Action item: The result should hold only the lines from the one with "Note. It appears" through the final line of the data below, transcribed exactly, pictures left out.
─── Data section
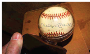
signed "Mickey Mantle" baseball
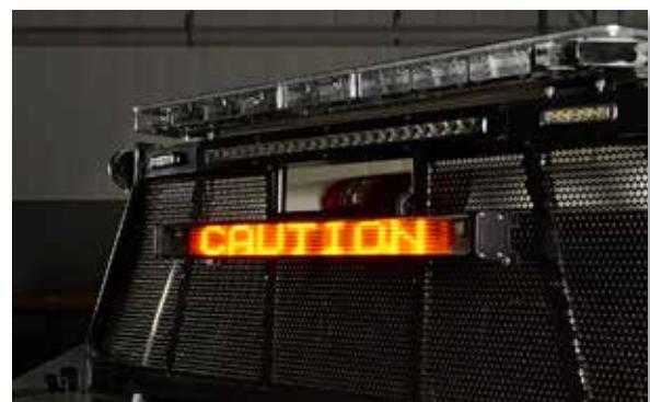
MB1 mounted on a headache rack installed on a Chevrolet Silverado
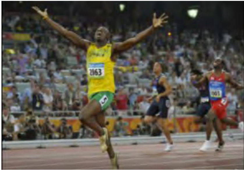
Image of a Winner in a Running Race

Note. It appears from 4:53 to 4:57. The transcript reads, “So the arms up in the V, the chin is slightly lifted.”
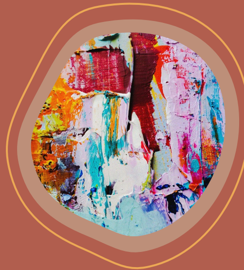
Colors and Fonts
──────
Written reply:
Note. It appears from 4:53 to 4:57. The transcript reads, “So the arms up in the V, the chin is slightly lifted.”
Colors and Fonts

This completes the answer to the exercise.